うわっ、プログレだあ。
これまで色々な辺境音楽を語って来た。玉石混淆の感はあれど、自分なりに良いと思う音楽だけを取り上げて来たつもりだが、今回ばかりは分からない。この音楽は面白いのだろうか。「プログレ」という禁断の言葉とともに、私の音感は麻痺してしまう。
トルクメニスタンのジャズロックバンド、Guneshのアルバムである。ジャケットに見えるDr. John風の髭面が今回の主犯、Rishad Shafi。稀代の馬鹿テクドラマーにしてGuneshのリーダーでもある。2000年に出た本作はオリジナルアルバムではなく80年代後半の音源を集めた再発モノである。
80年代後半のトルクメニスタン・・・さすがに私の想像を絶する。
トルクメニスタンの文化史的な位置付けというのも良く分からないのだが、私の勝手な予想に反してトルコ風味もアラブ風味も感じられない。あくまでもベースはロック。その上に時折インド風味やら中華風味やらが無節操に錯綜する。時代相応に安っぽい音色と相俟って、全体のムードは適当にオリエンタル趣味を配したバリバリ変拍子のカシオペアという感じだが、それは説明になっているのだろうか。
ごく稀にヴォーカルの入る部分があり(クレジットによればキーボード担当の片方が歌っている)、そこだけ妙に強烈な中央アジア感を帯びている。バイオリンや箏(みたいな何か?)の音も聞こえて来るが、これは記載が無く詳細は不明である。タブラも入っているが、この辺の匙加減に関しては憶測すら難しい。トルクメニスタンとインドは意外に近いのか、それともスパイスとして意図的に用いられているのか。

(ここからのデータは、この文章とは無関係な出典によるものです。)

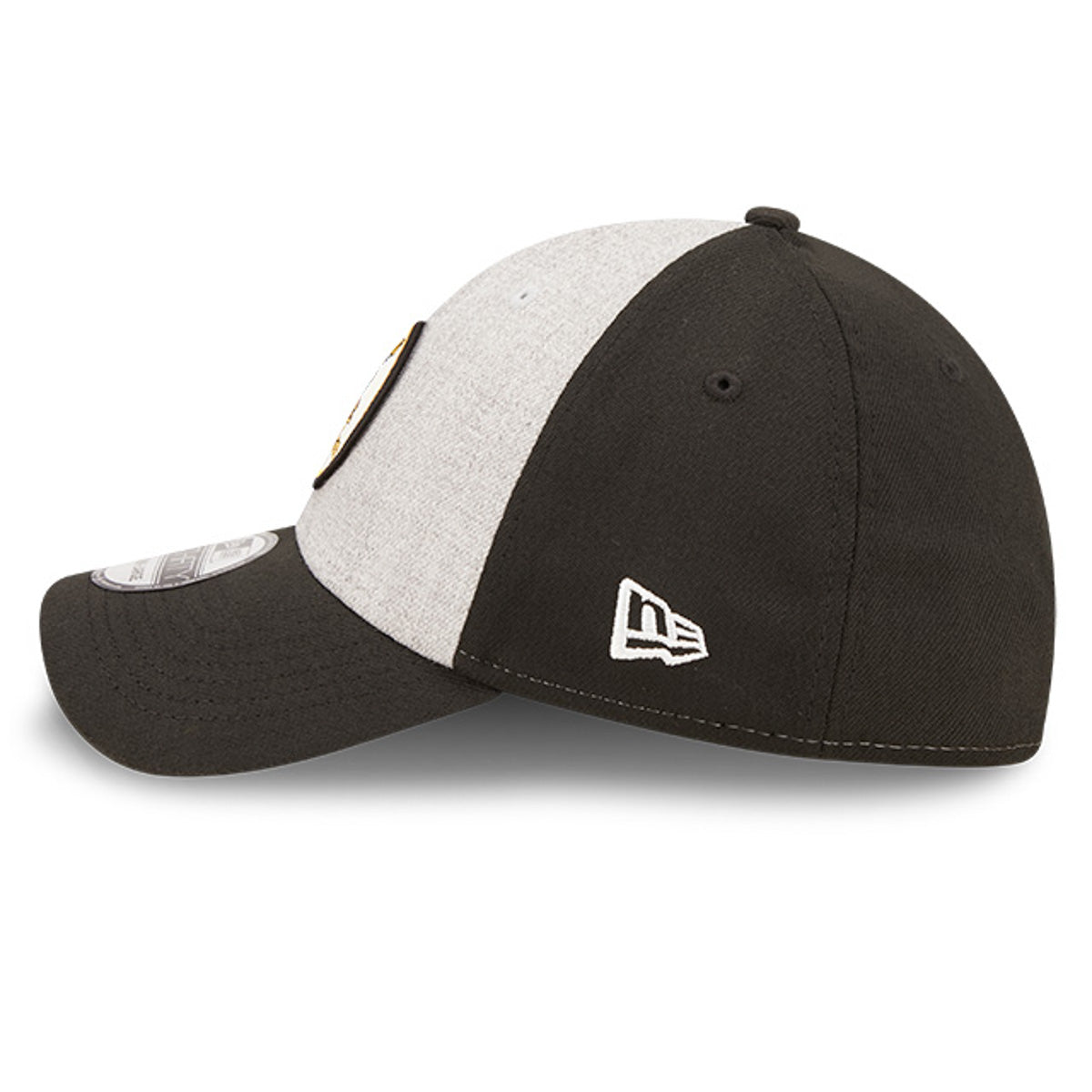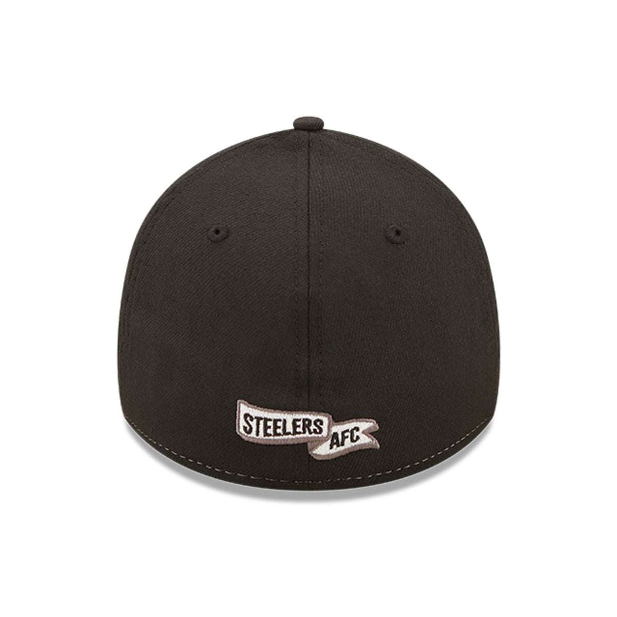 The Pittsburgh Steelers 2022 Sideline Historic 39THIRTY Stretch Fit Cap features an embroidered retro Steelers logo at the front panels, the NFL Shield at the right-wear side, and a conference banner at the rear.

大所帯の編成でメンバーは10人。キーボード×2、ギター×2(うち一人はシタールも担当)、ベース、サックス、クラリネット、そしてパーカッションがShafiを含めた3人だ。
オフィシャルサイト(なのかどうかもよく分からない。しかも更新停止中)で聴けるこの曲がオープニング。いやあプログレですなあ。
バンドの結成は1970年。元々はヴォーカルを中心にした、もう少しトラッド色の強いバンドだったようだ。そして、このバンドが今どうなっているのかも、さっぱり分からない。Rishad Shafi本人のサイトは全てロシア語で、残念ながら私には手も足も出ない。どうやらモスクワを拠点にして活動しているらしく、今世紀に入ってからも何枚かのアルバムを出しているが、いずれも日本での入手は難しいと思われる。ちなみに本アルバムを出しているのは、Boheme Musicというレーベルだが、ジャケ裏に記載されているロシア語サイトも英語サイトも現時点では存在せず、検索しても出て来ない。既に潰れたのだろうか。
これは本アルバム所収の曲ではないが、まあだいたい感じは近い。
http://www.youtube.com/watch?v=WHEiNcVfXhg
やっぱり私には分からない。きっとやきとりさんの守備範囲だから、今度会ったら押し付けよう。
ついでに、アルバムタイトルはどういう意味なのか、誰か知ってたら教えてくれ。
検索用;Ришад Шафи И Гунеш
45° в тени
45° в тени
тень(女性名詞)
1陰、陰になった場所;影
2以下略
<例文>(温度・・・[ロシア語表記略])20°в тени. (温度は日陰では20度です)
というのが真っ先に載っていたので、日陰では○○度という言い方が、ポピュラーなのかも。
で、トルメキスタンて、ああいう気候だから、
「日陰でも、45度もあるんだぜぇー」とかいうのりでは??(≒オレ達暑いぜーー!)
(音楽もそんな感じだし^^)
あるいは、そういうことわざとか言い回しがあるのかもしれないけれど、そこまでは調べられませんでした^^;
ご参考までに。
ちなみにインナーでは「°」の記号は使われず、45 degrees in a shadow/45 градусов в тениとなっています。
それにしても日陰で45度って、どんな世界なんだろう。30度で廃人になる私はどうすれば良いのか。
このバンド、どのくらい売れたんだろう当時のトルクメニスタンで。